I've just had a lot more success with this approach, and with teaching this way, than with raw repetition. The beginning of the learning curve is more difficult, but after a few sessions, the progress is, imo, faster and involves the practitioner understanding the move better, and thus, able to benefit from repeated practice more.

Scott R. Brown
10-31-2013, 01:48 PM
At the time my goal was to see just how good I could become with my kicks. At my best, before a leg injury side lined me, I could open kitchen cupboards with my feet, block hand strikes with my feet during sparring, and stand on the tip of either big toe while holding the other leg up in a vertical split.
After the year and a half it took me to heal from my injury I never had the time or discipline to get my kicks back to that level.

Faux Newbie
10-31-2013, 01:51 PM
At the time my goal was to see just how good I could become with my kicks. At my best, before a leg injury side lined me, I could open kitchen cupboards with my feet, block hand strikes with my feet during sparring, and stand on the tip of either big toe while holding the other leg up in a vertical split.
After the year and a half it took me to heal from my injury I never had the time or discipline to get my kicks back to that level.

Injuries suck.

Scott R. Brown
10-31-2013, 01:55 PM
Injuries suck.

I am injury prone. I have had a major injury of some kind almost continuously for tbe past 35 or so years. :(

The only joints I have never injured are my knees, and that's a miracle seeing as I'm bow-legged.

Kellen Bassette
10-31-2013, 02:00 PM
Actually, I just did the math more comprehensively, it was something like 15 sections and somewhere between 1500 and 2500 kicks. Of course I worked up to it.

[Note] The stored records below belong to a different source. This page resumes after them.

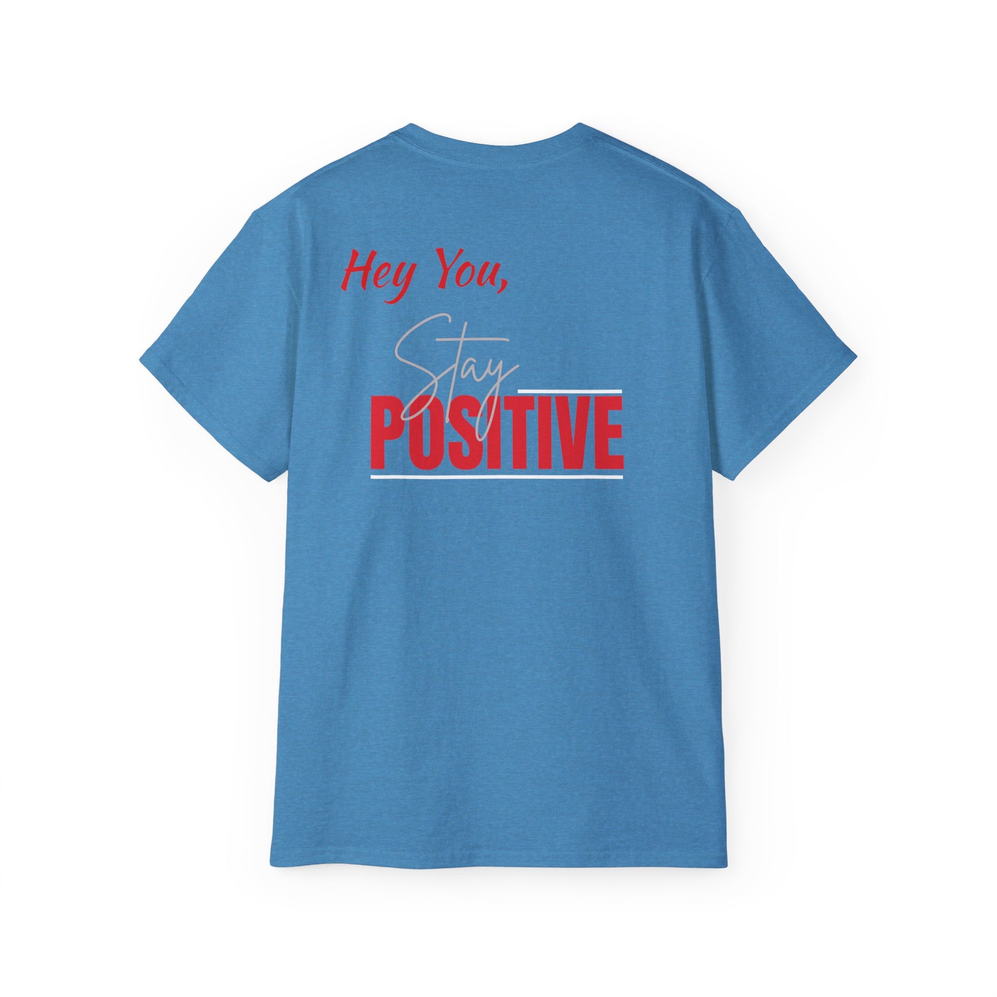 Stay positive tee shares a little hope of faith with strangers, speaking to the person behind you. It gives off a friendly and positive vibe, perfect for everyday wear or to lift someone's spirits. This unisex tee is suitable for adults and is an excellent choice for casual and semi-formal occasions. It is made with 100% US cotton, ensuring comfort, style, and ethical production practices.
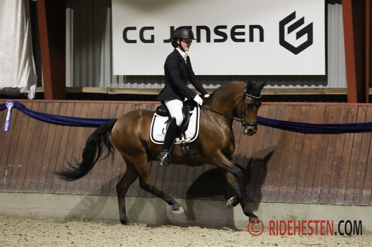 På tredjepladsen blev det Liv Jensen Hodal med Shadows Creation of The Rock e. FS Champion De Luxe/Derano Gold (opdr. Kirsten Maria Schille), de red til 68,761%.
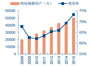 片名內地票房(億元)年份發行公司制作公司大圣歸來9.472015聚合影聯燕城十月/橫店熊出沒之雪嶺熊風2.962015樂視/珠江/卡通先生深圳華強/優揚傳媒熊出沒之熊心歸來2.882016樂視/珠江深圳華強/卡通先生熊出沒之奪寶熊兵2.472014樂視/珠江深圳華強/卡通先生喜羊羊與灰太狼之開心闖龍年1.662012上海東方原創動力喜洋洋與灰太狼之兔年頂呱呱1.52011上海東方原創動力喜羊羊與灰太狼之虎虎生威1.282010上海東方原創動力喜羊羊與灰太狼之喜氣羊羊過蛇年1.252013上海東方原創動力十萬個冷笑話1.22015萬達/上海炫動有妖氣/上海炫動喜羊羊與灰太狼之牛氣沖天0.92009上海東方原創動力4、從媒介的角度來看,中國的ACGN群體是與網絡建設同步成長起來的一代,因此其交互的社群對于網絡媒介有著極高的依存度。物聯網/移動互聯網為代表的新媒體的崛起,對于內容產業的沖擊是多方面的。一方面,截至2015年底,我國網絡視頻的用戶數目已經達到5.04億人;付費用戶規模首破2200萬,同比增長132.80%。視頻網站已經成為影視內容消費和影視IP變現的重要戰場之一,且持續變現出強大的生命力。
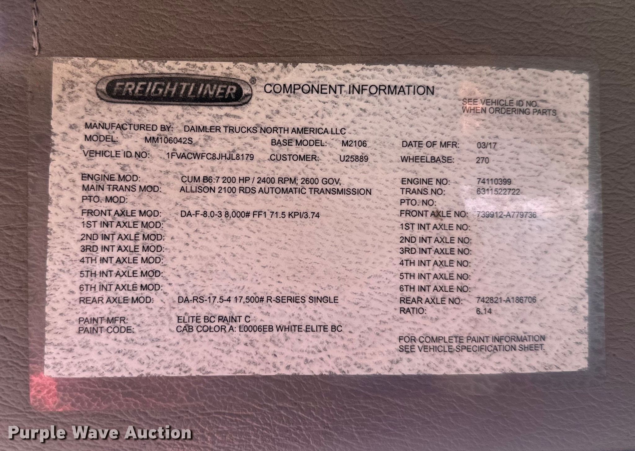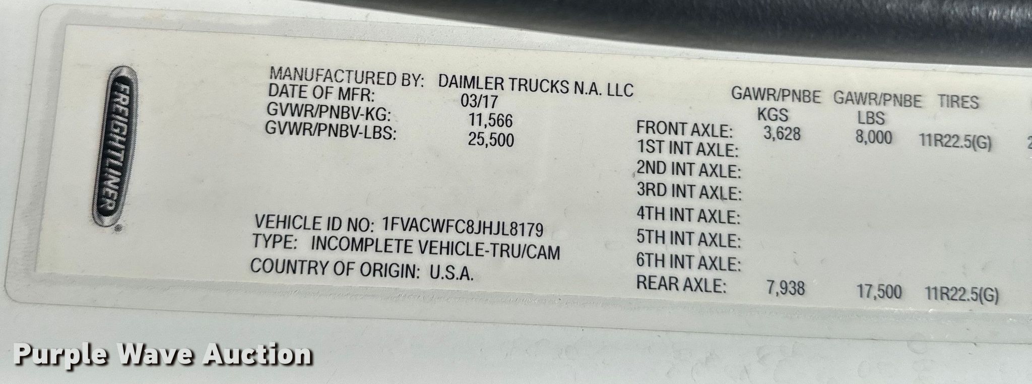 - VIN: 1FVACWFC8JHJL8179
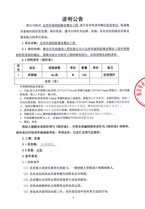 市政公司北外環(huán)福利院噪音整治工程競(jìng)爭(zhēng)性談判公告
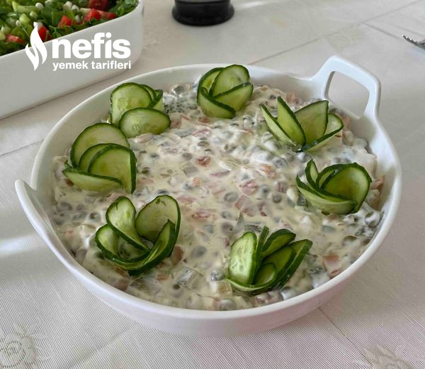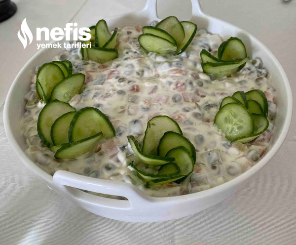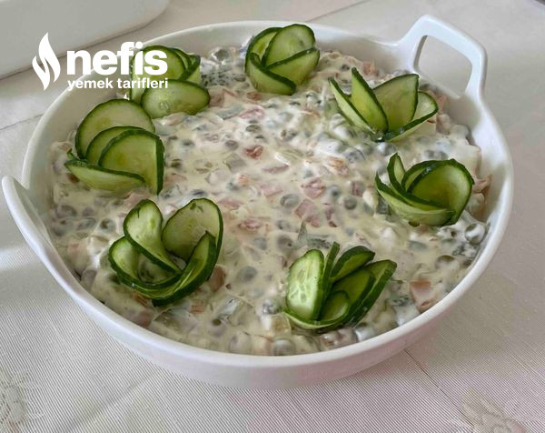 2. Ayrı bir kapta süzme yoğurdu, olağan yoğurdu, mayonezi, sarımsağı, tuz ve karabiberi karıştırıyoruz yoğurt karışımının içine haşlanmış suyu süzülmüş zerzevatları ve kornişon turşusunu ek edip, hepsini karıştırıyoruz.
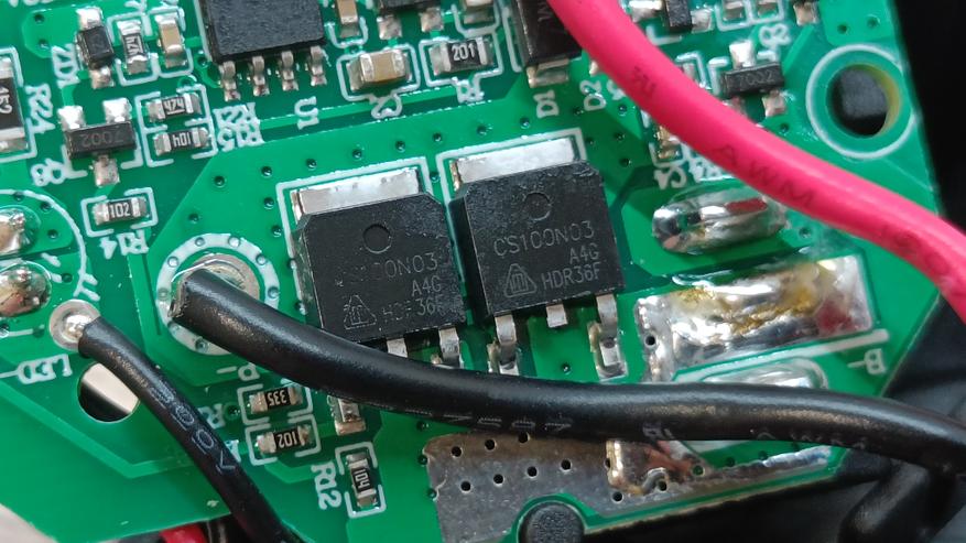 Шуруповерт оказалось разобрать чуть сложнее. Большое количество саморезов удерживают половинки без видимых зазоров. На ручках видна толстая резиновая накладка. Даже при длительной работе она не слезет, так как проникает внутрь корпуса для более надежной фиксации. Приемные контакты из магнитного материала. Тут же можно увидеть плату управления питанием, построенную на двух силовых транзисторах sc100n03. Максимальная мощность до 100 Вт, а напряжение до 30 В. Также в документации по этим мосфетам указано, что максимальный ток может достигать 100А, а температура до 175 градусов.

That'll get the legs burning...

Scott R. Brown
10-31-2013, 02:04 PM
That'll get the legs burning...

When I was done, I wold run 4 miles stretch for 1-2 hours and do a little bit of weights and chins.

Oh to be young again and have nothing but free time to train.

What I did to beat the monotony was to train 5 out of every 7 days. My training week ran from Monday to Sunday. If I took Monday and Tuesday off I wasn't allowed to miss another day til after Sunday. But I could take any two days off every week.